Below, more on the coronavirus and the election:

  • Boosterism: Amid concerning levels of vaccine skepticism among the American public, a marketing push aimed at persuading people to get vaccinated is underway—led not by the federal government, but by the Ad Council, a nonprofit group. The group “led a similar effort in the 1950s, when it urged Americans to get vaccinated against polio,” Tiffany Hsu writes for the Times. Its coronavirus vaccination push “will be one of the largest public education crusades in history,” with public service announcements set to roll out “across airwaves, publications and social media next year.”
  • The transition: Yesterday, we learned the identities of Biden’s first cabinet nominees—he’s tapping Antony Blinken for secretary of state, Alejandro Mayorkas for homeland security secretary, Avril Haines for director of national intelligence, Linda Thomas-Greenfield for UN ambassador, John Kerry as a special presidential envoy for climate, and Janet Yellen, the former chair of Federal Reserve, for treasury secretary. Many liberal commentators hailed the picks as boring, in a good way. “If you wonder how these people will govern, just close your eyes and imagine yourself back to 2016, before you developed that nervous tic that causes you to rip out your hair by its roots whenever your phone buzzes with a news alert,” The Atlantic’s Graeme Wood wrote. “What a luxury to see the Cabinet gradually populated with low-key operators who do not view manic stimulation of the electorate as a sign of a job well done.”
  • “Make schmoozing great again”: Roxanne Roberts, of the Post, reports that the DC establishment hopes that the Biden administration will restore the city’s previously-cozy social scene. “Without Trump, the White House correspondents’ dinner—typically a night of mutual good will between the administration and the press that covers it—became an awkward defense of the First Amendment,” Roberts writes.
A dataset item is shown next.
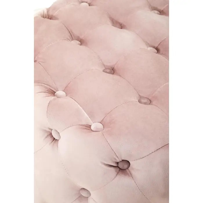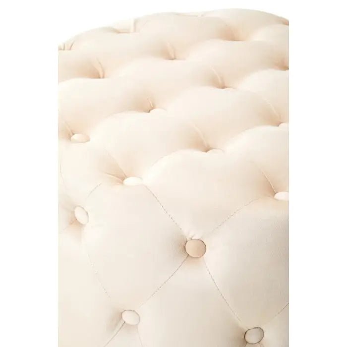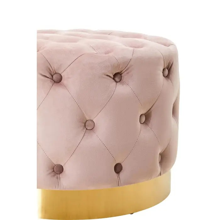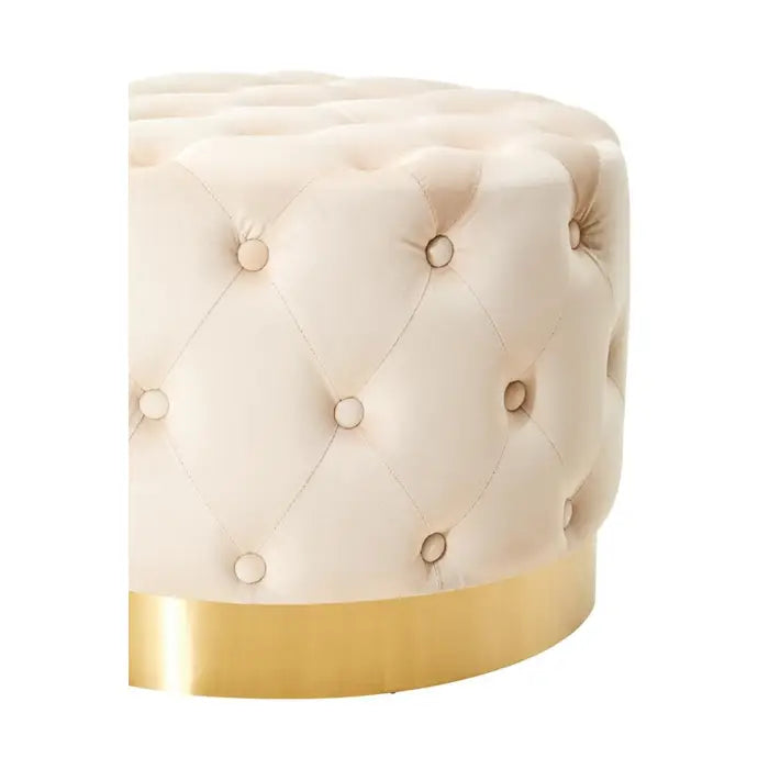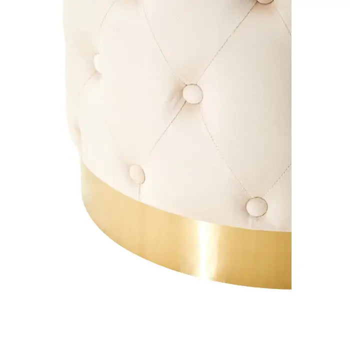 This stool features button tufted plush velvet upholstery suitable for luxury decors. The sleek matte gold finish metal base contrasts elegantly with the stone velvet, making the stool an opulent accent piece.

Under Biden, events like “the Honors, the Alfalfa dinner, the Gridiron, Ford’s Theatre gala and the correspondents’ dinner” will “likely return to their former glory.”
  • Turkey, I: Yesterday, Andrew Cuomo, the governor of New York, received the International Emmys’ Founders Award, for his “effective use” of televised press briefings during the pandemic; according to Josefa Velásquez, of The City, his press conference yesterday was delayed by his acceptance speech. Also yesterday, Cuomo said, in a radio interview, that he’d invited his daughters and elderly mother to join him for Thanksgiving—after spending days urging New Yorkers to reconsider their holiday plans. He later reversed course.
  • Turkey, II: Trump will lead the traditional White House turkey pardon today, with two birds called “Concede” and “The Election.” (Just kidding, they’re called “Corn” and “Cob”—though in 2018, Trump really did pardon a turkey named “Carrots” who, in the president’s telling, lost a “fair and open election” but “refused to concede and demanded a recount.” Trump told Carrots that he was sorry, but “the result did not change.”) The ceremony will be Trump’s first public appearance since Murphy ascertained Biden’s win. As Mark Leibovich, of the Times, put it, today “might be the single most awaited presidential turkey pardoning, ever.”